▶ [What you have to do] The data below should be restated word for word, with every picture omitted.

▶ [Input data]
****************

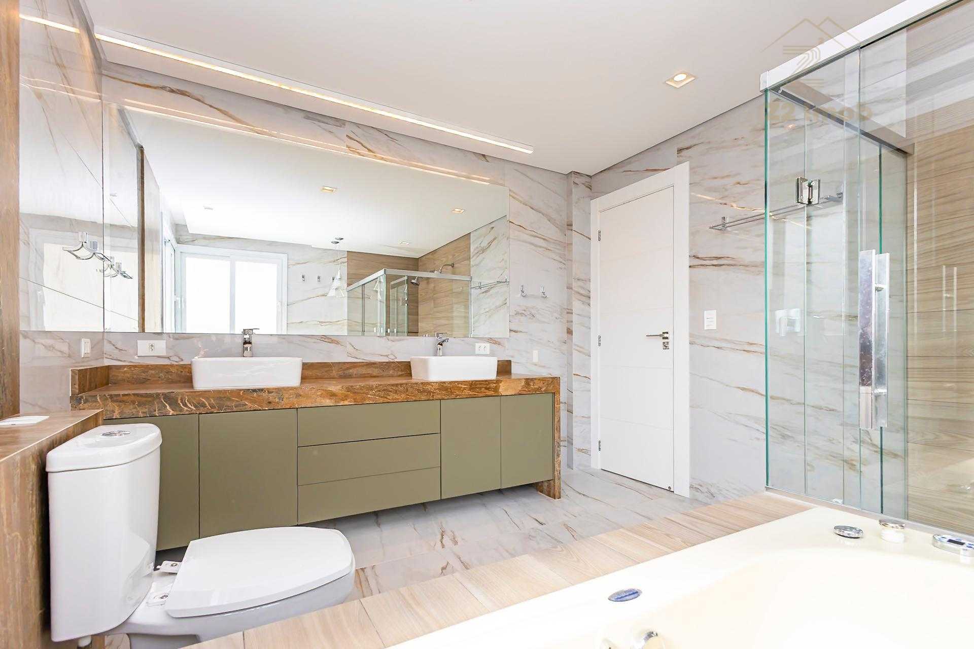 Suíte master com 2 chuveiros, 2 cubas e banheira hidro.
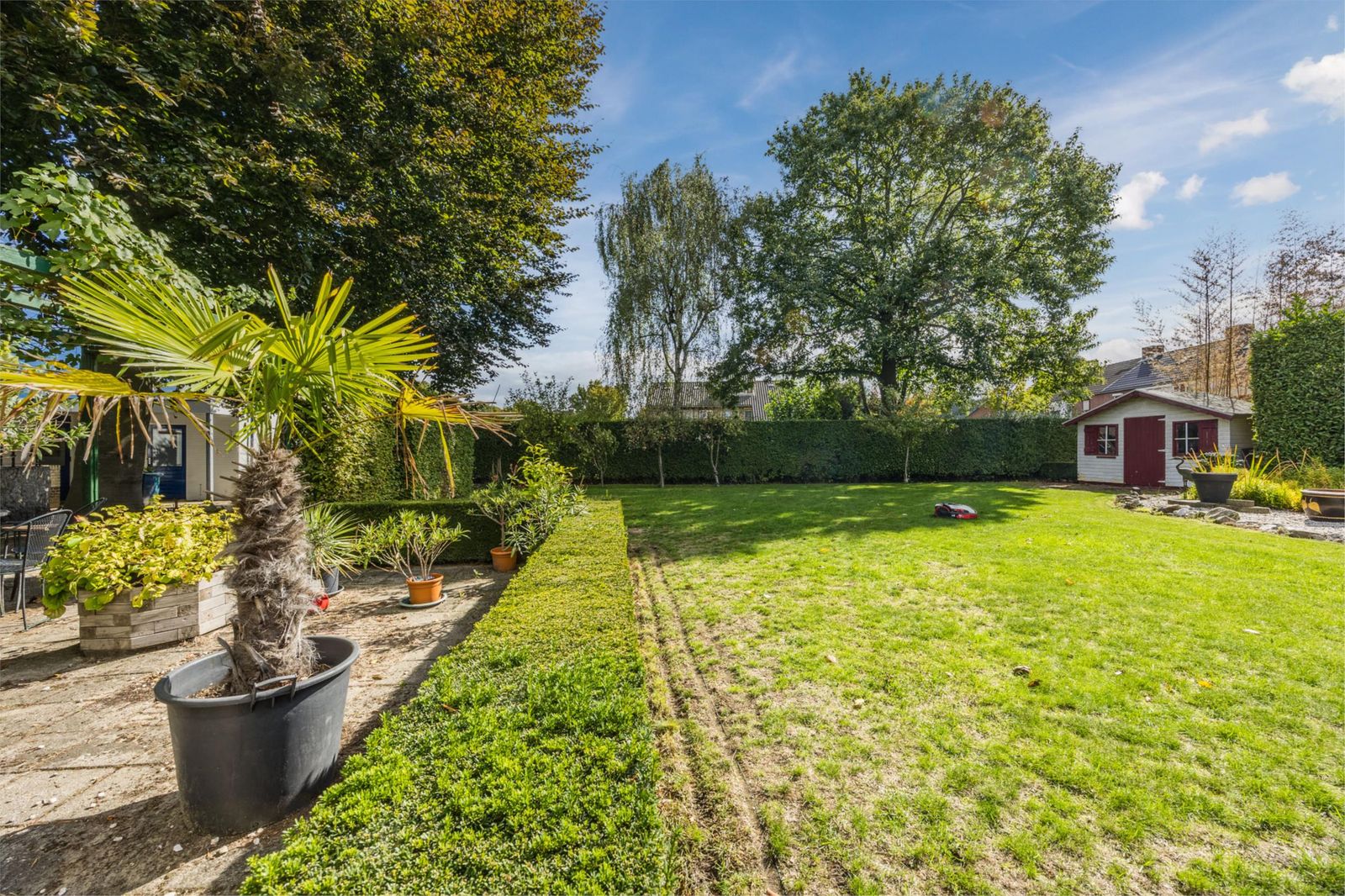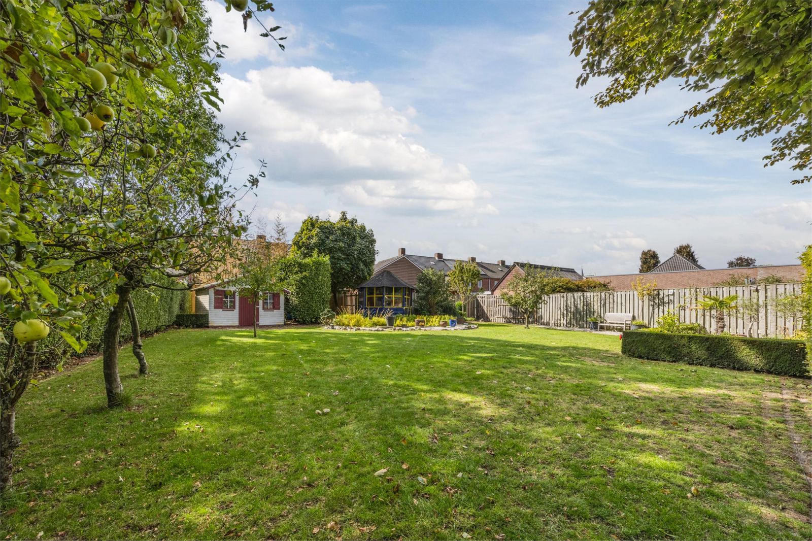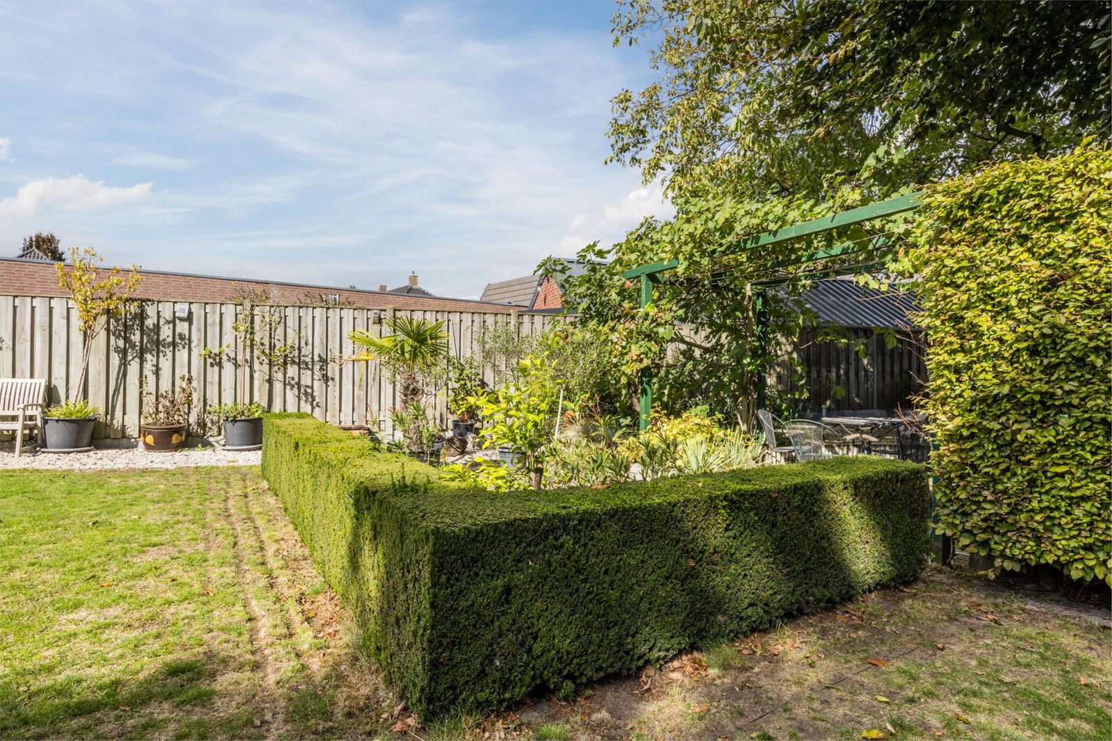 De achtertuin ligt pal op het zuiden en biedt volop privacy en natuurbeleving. Je vindt hier diverse fruitbomen (appel, peer, kers en pruim), druivenranken, een grote vijgenboom, een notenboom en een eigen puls voor de beregening. Onder de imposante beuk is een verhoogd terras gerealiseerd. Helemaal achter in de tuin bevinden zich een tuinhuisje, een prieeltje en een grote vijver: een idyllische plek om te ontspannen.
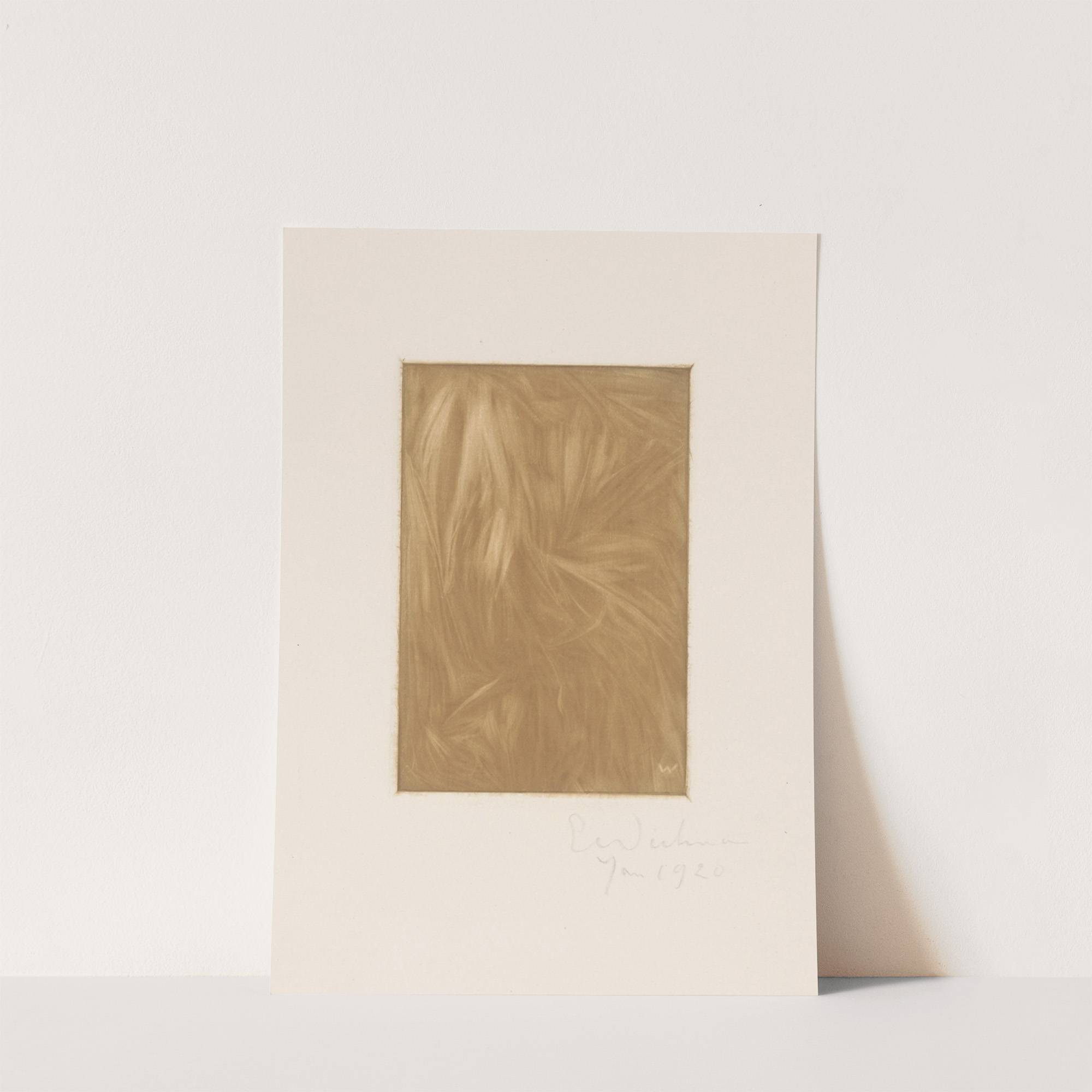 This art print features "Abstracte Compositie (1920)" by Erich Wichmann, showcasing an intricate abstract composition. The centerpiece is a mesmerizing swirl of golden-brown hues, reminiscent of flowing hair or soft fur. The brushstrokes are delicate yet dynamic, creating a textured,...
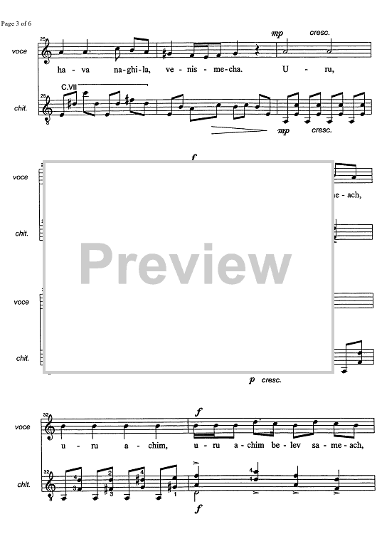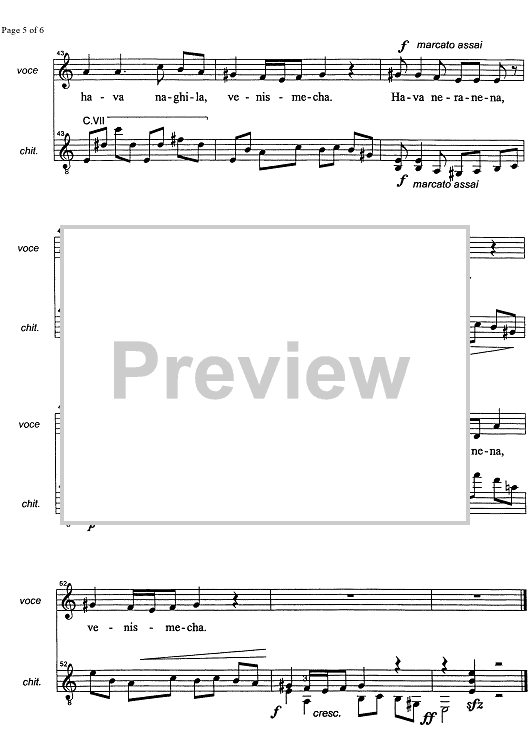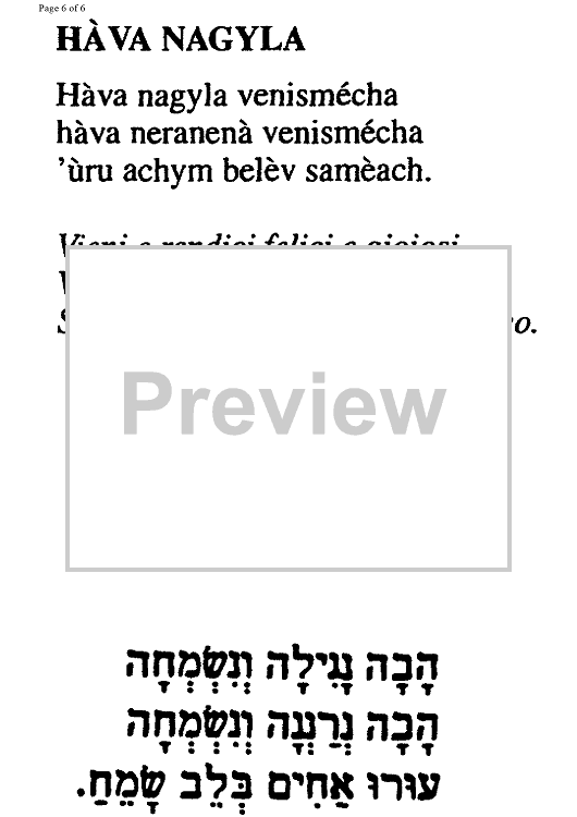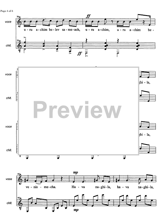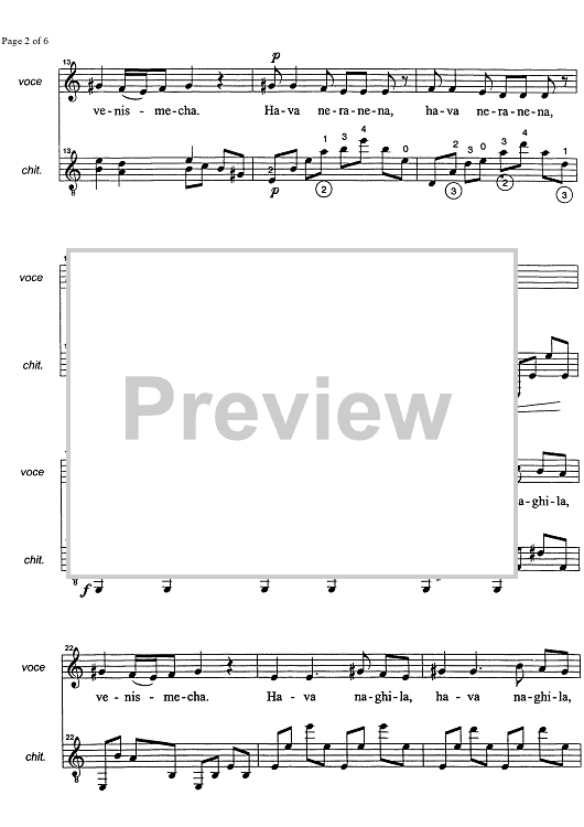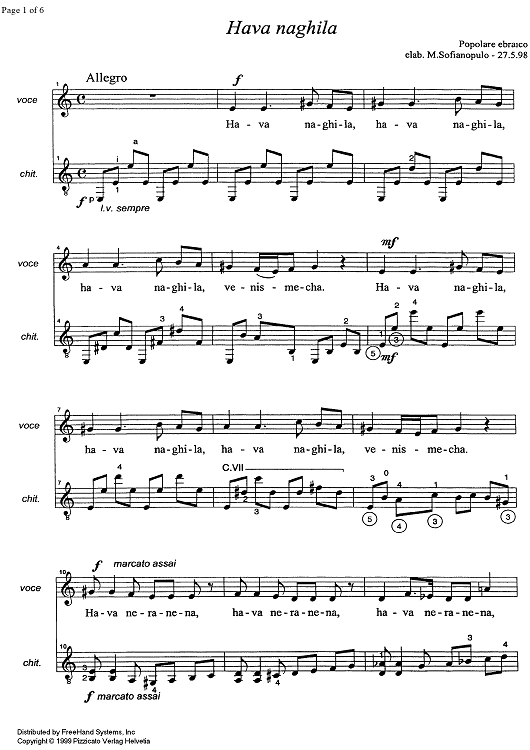 Digital Sheet Music for Hava Nagila by , Marco Sofianopulo, Traditional scored for Voice/Guitar; id:326543

****************

▶ [Answer below]
 Suíte master com 2 chuveiros, 2 cubas e banheira hidro.
 De achtertuin ligt pal op het zuiden en biedt volop privacy en natuurbeleving. Je vindt hier diverse fruitbomen (appel, peer, kers en pruim), druivenranken, een grote vijgenboom, een notenboom en een eigen puls voor de beregening. Onder de imposante beuk is een verhoogd terras gerealiseerd. Helemaal achter in de tuin bevinden zich een tuinhuisje, een prieeltje en een grote vijver: een idyllische plek om te ontspannen.
 This art print features "Abstracte Compositie (1920)" by Erich Wichmann, showcasing an intricate abstract composition. The centerpiece is a mesmerizing swirl of golden-brown hues, reminiscent of flowing hair or soft fur. The brushstrokes are delicate yet dynamic, creating a textured,...
 Digital Sheet Music for Hava Nagila by , Marco Sofianopulo, Traditional scored for Voice/Guitar; id:326543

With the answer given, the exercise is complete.